Task
Exact copy, no pictures: return all the records as they stand.
[Start of section]
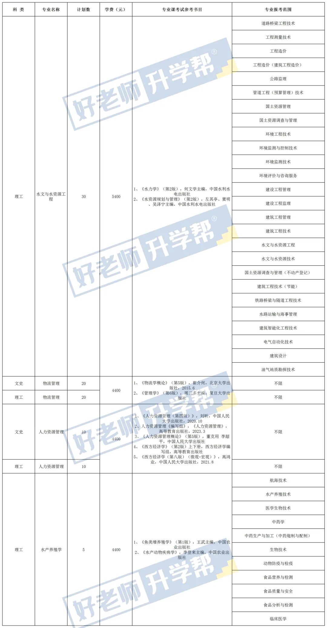 招生要求:要求高职毕业专业为道路桥梁工程技术、工程测量技术、工程造价、工程造价(建筑工程造价)、公路监理、管道工程(预算管理)技术、国土资源管理、国土资源调查与管理、环境工程技术、环境监测与控制技术、环境监测技术、环境评价与咨询服务、建设工程管理、建设工程监理、建筑工程管理、建筑工程技术、水文与水资源工程、水文与水资源技术、国土资源调查与管理(不动产登记)、建筑工程技术(节能)、铁路桥梁与隧道工程技术、水路运输与海事管理、建筑智能化工程技术、电气自动化技术、建筑设计、油气地质勘探技术
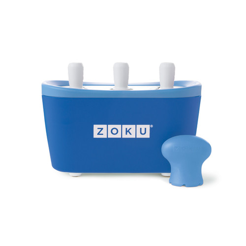 Now available in five juicy colors! The patented Zoku Quick Pop Maker freezes ice pops in as little as seven minutes right on your counter top without electricity. Quickly make striped pops, yogurt pops or (for the first time ever at home) flavored core pops. To enjoy Quick Pops at a moment’s notice, simply store the compact base in your freezer.
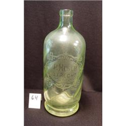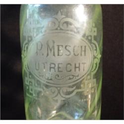 P. Mesch Utrecht Acid etched label Bottle-Paris 10" by 3 1/2" diameter. Vaseline glass w/ribbed swirl and no seams.
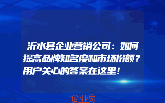 - 沂水县企业营销公司:如何提高品牌知名度和市场份额?用户关心的答案在这里!
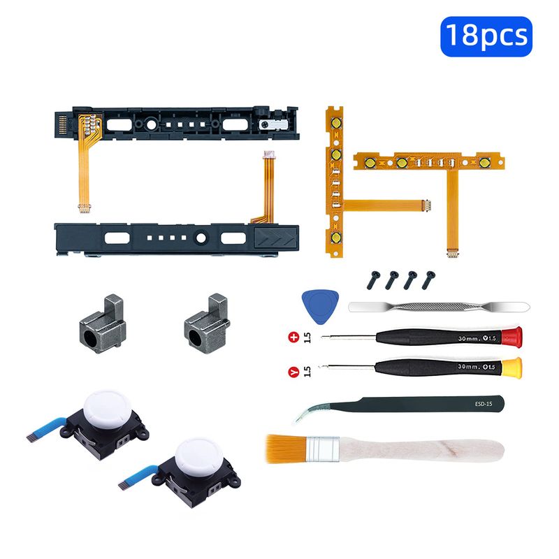 ●Fit for N-Switch Joy-con: High quality replacement repair parts for Joy-Con controllers. Includes 2 analog sticks, L/R charging port slider set, L/R slicker buckle lock set, SR/SL sync button flex cables and screws. Ideal for replacing damaged or tired parts.
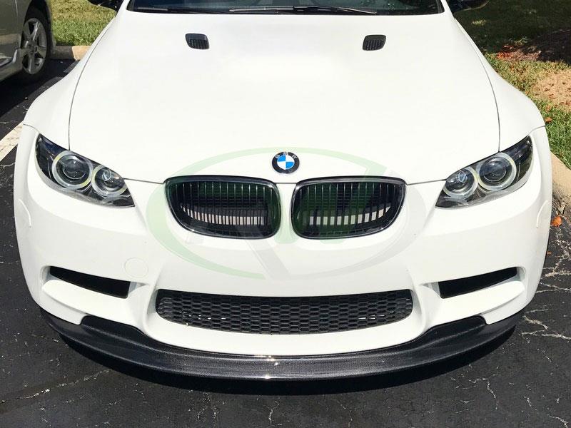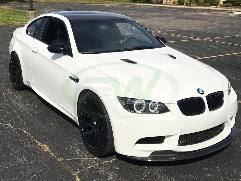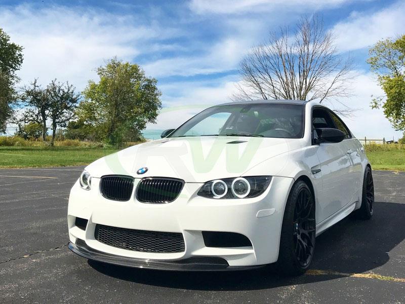 Make a statement with your E9x M3 by installing a new RW Carbon fiber GTS style front lip spoiler. This carbon fiber front lip takes the already aggressively styled M3 to another level. The install process is so quick and easy, you will be wishing you did this modification years ago. Using self-taping screws the install takes about 45-60 minutes and definitely helps to have a shop or buddy help you out. Each piece is hand crafted by RW and comes with a fitment and quality guarantee. Before shipping out from our SoCal location we quality check each piece again to make sure it is free of any defects. So what are you waiting for? Get your very own E9x M3 GTS style front lip today and see the difference it makes first hand.
[End of section]
Response area
 招生要求:要求高职毕业专业为道路桥梁工程技术、工程测量技术、工程造价、工程造价(建筑工程造价)、公路监理、管道工程(预算管理)技术、国土资源管理、国土资源调查与管理、环境工程技术、环境监测与控制技术、环境监测技术、环境评价与咨询服务、建设工程管理、建设工程监理、建筑工程管理、建筑工程技术、水文与水资源工程、水文与水资源技术、国土资源调查与管理(不动产登记)、建筑工程技术(节能)、铁路桥梁与隧道工程技术、水路运输与海事管理、建筑智能化工程技术、电气自动化技术、建筑设计、油气地质勘探技术
 Now available in five juicy colors! The patented Zoku Quick Pop Maker freezes ice pops in as little as seven minutes right on your counter top without electricity. Quickly make striped pops, yogurt pops or (for the first time ever at home) flavored core pops. To enjoy Quick Pops at a moment’s notice, simply store the compact base in your freezer.
 P. Mesch Utrecht Acid etched label Bottle-Paris 10" by 3 1/2" diameter. Vaseline glass w/ribbed swirl and no seams.
 - 沂水县企业营销公司:如何提高品牌知名度和市场份额?用户关心的答案在这里!
 ●Fit for N-Switch Joy-con: High quality replacement repair parts for Joy-Con controllers. Includes 2 analog sticks, L/R charging port slider set, L/R slicker buckle lock set, SR/SL sync button flex cables and screws. Ideal for replacing damaged or tired parts.
 Make a statement with your E9x M3 by installing a new RW Carbon fiber GTS style front lip spoiler. This carbon fiber front lip takes the already aggressively styled M3 to another level. The install process is so quick and easy, you will be wishing you did this modification years ago. Using self-taping screws the install takes about 45-60 minutes and definitely helps to have a shop or buddy help you out. Each piece is hand crafted by RW and comes with a fitment and quality guarantee. Before shipping out from our SoCal location we quality check each piece again to make sure it is free of any defects. So what are you waiting for? Get your very own E9x M3 GTS style front lip today and see the difference it makes first hand.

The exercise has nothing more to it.